After seeing the neurosurgery team in Birmingham, we dropped OWen back at school, relieved that we would have a few days away from hospitals. Then we got a phone call from school… This time it was about Henry – “You need to take him to A&E?” He had bumped his face on a bench and split his nostril, so nothing major, but after thinking we would be avoiding the hospital for a few days, it was not ideal. Fortunately, it was a quiet day at A&E and Henry was seen quickly. He seemed fine in himself and was very well behaved waiting, he could probably sense how unimpressed I was to be back at the hospital. He mentioned to the nurse that he had bumped his head “but it is OK now”, so the nurse had to check him for signs of concussion. She also needed to get second, third and fourth opinions on Henry’s nose, so we were in there for a few hours. Eventually, they settled on a steri-strip to hold his nose together and a follow-up appointment with the ENT team when the swelling has subsided – another hospital trip. When Henry and I got back, we all went to KFC for a “traditional Japanese Christmas dinner” to celebrate. The next day, yesterday, we successfully managed to avoid hospitals!

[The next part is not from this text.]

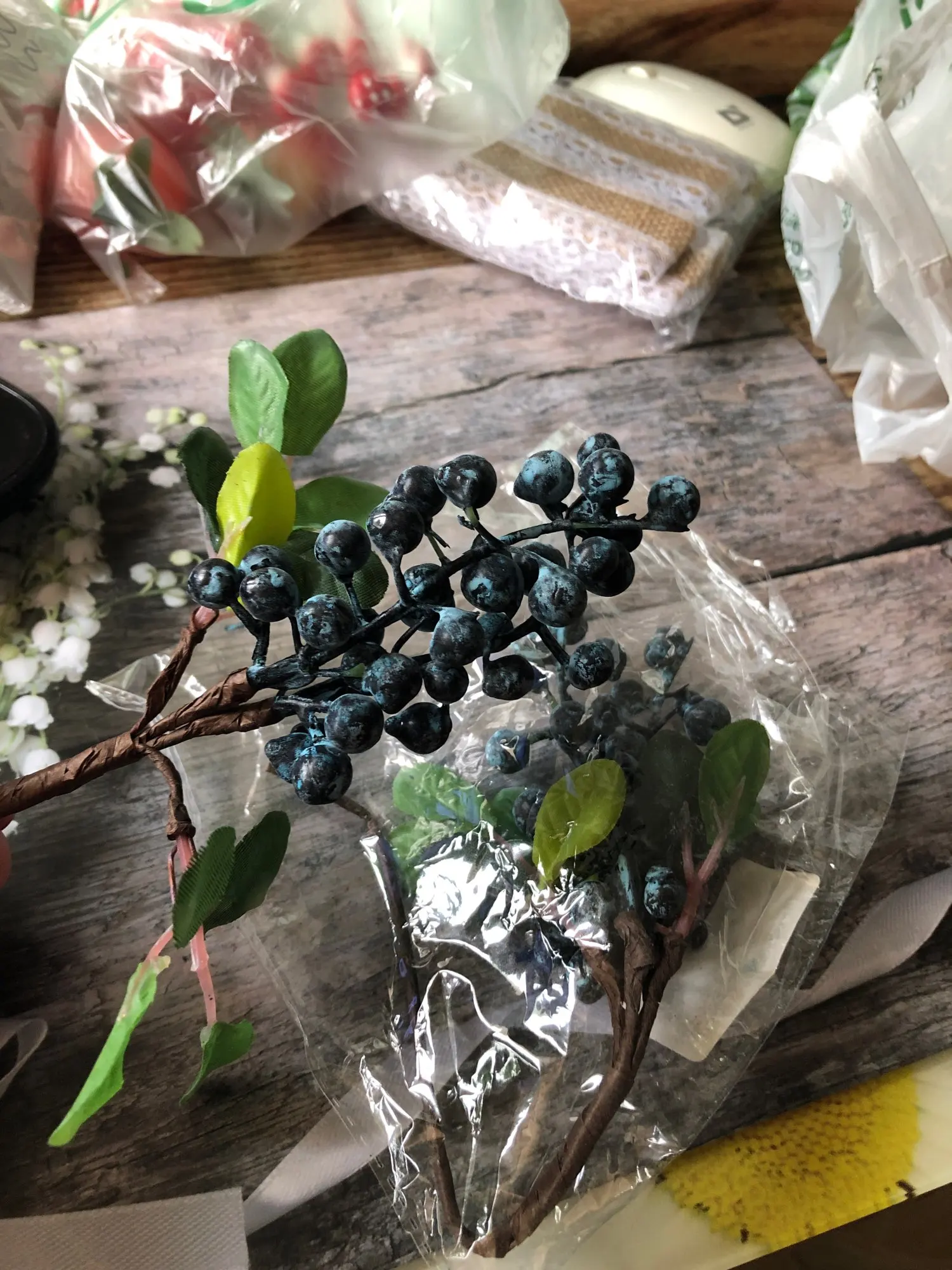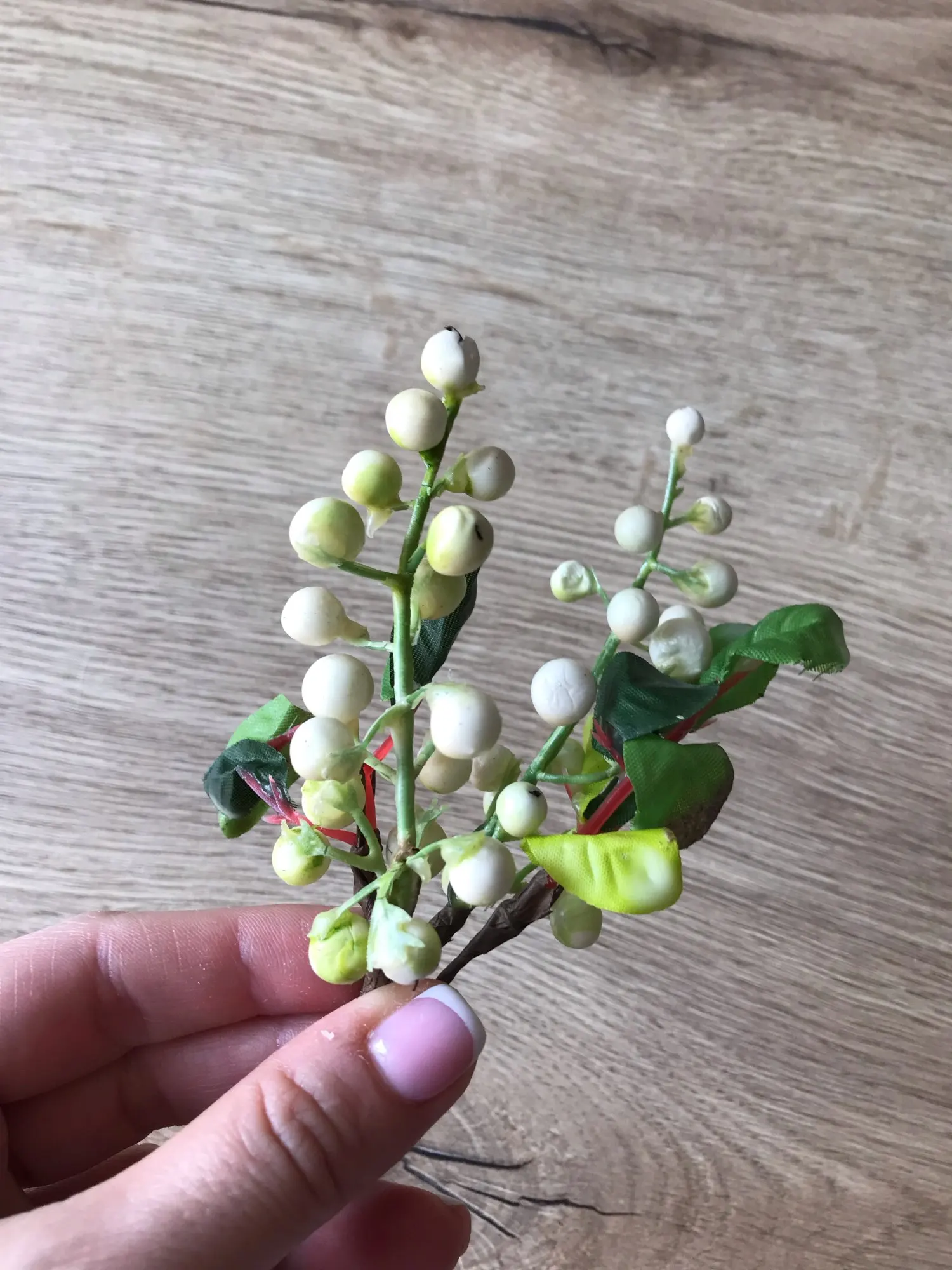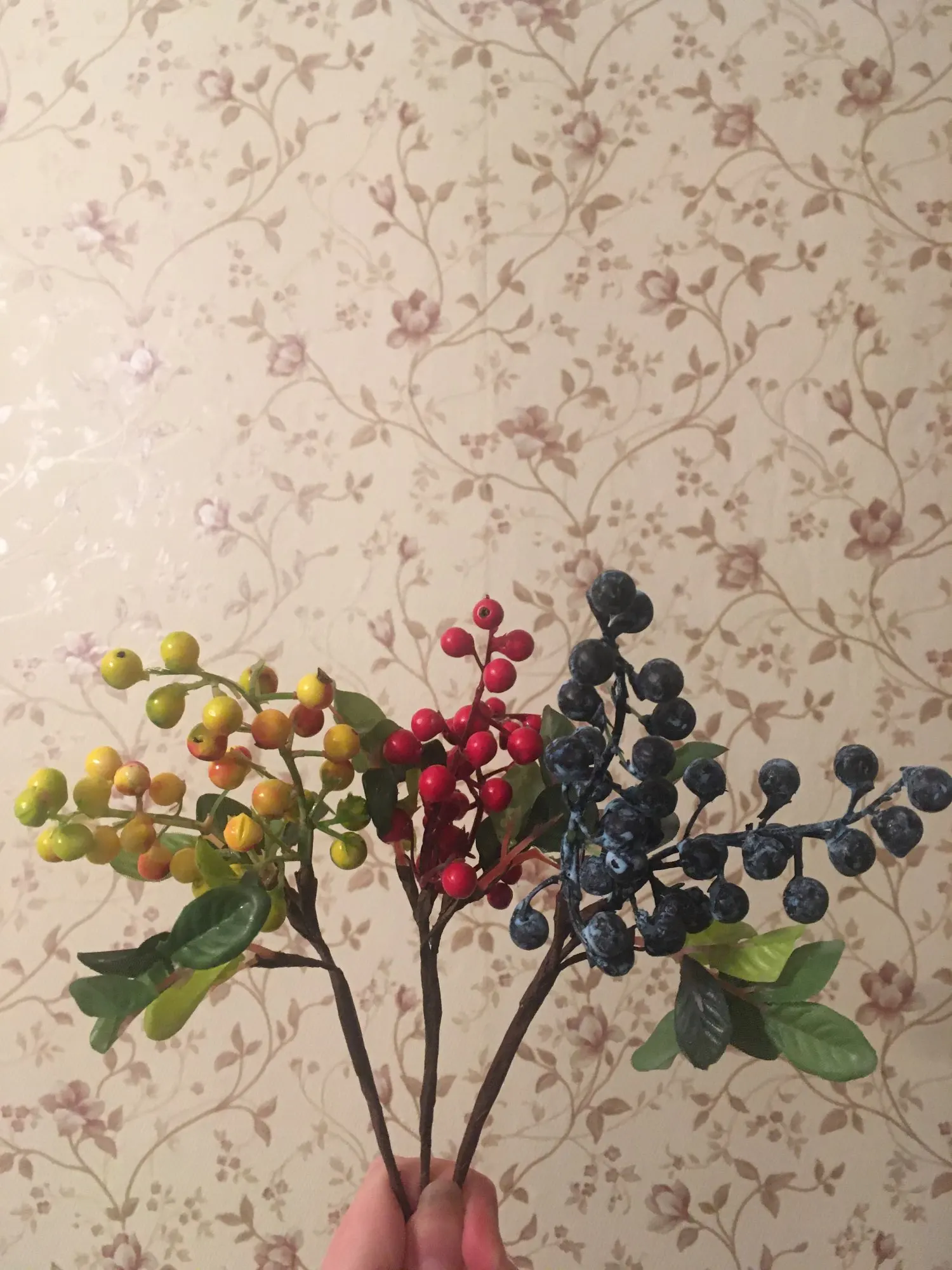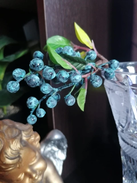 Брала чернику (синяя веточка). Хлипкая, но неплохая, в букете смотрится и немного скрываются нюансы. Обращайте внимание, что реальные фото -это те, что при выборе цвета, это мини фото, а на главных просто прохожие. Я понимала это, но они оказались еще меньше. Длина ок.24 см, ягодки 0,5-0,7 см, чуть меньше заявленных размеров. Пластик не литой, а окрашен в синий цвет, краска частично отсыпается и оголяет пластик; есть клей на листьях, малозаметно; местами ягоды слиплись; сборка специфическая, но не распадается и конструкция в глаза не бросается. Брала у другого продавца аналогичные, там краска больше осыпалась, но веточки идентичны. Вцелом неплохо и мило, пока на них держится краска. Веточки органично дополнили мой букет пионов (фото здесь уже не поместились), пока я довольна, но боюсь их часто двигать, чтоб по-дольше сохранились)) Брать больше не буду подобные, хоть деньги небольшие, но лучше поискать литой цветной пластик. Надеюсь, кому-то мой отзыв станет полезен))

This post ended up being longer than I planned, I guess that’s what happens when you have too much time on your hands your hands in hospital. The TLDR is that Owen had headaches for a few weeks, we took him to A&E, and they found an abscess in his skull, he was admitted to hospital in Coventry, and transferred to Birmingham Children’s Hospital for an operation to clear out his sinuses, then had a few months worth of intravenous antibiotics. He is making a good recovery and is now back home. Fairy Bricks gave him some Lego – donate to them! And the Neurosurgical team at Birmingham Children’s Hospital looked after Owen really well – donate to their iMRI appeal too!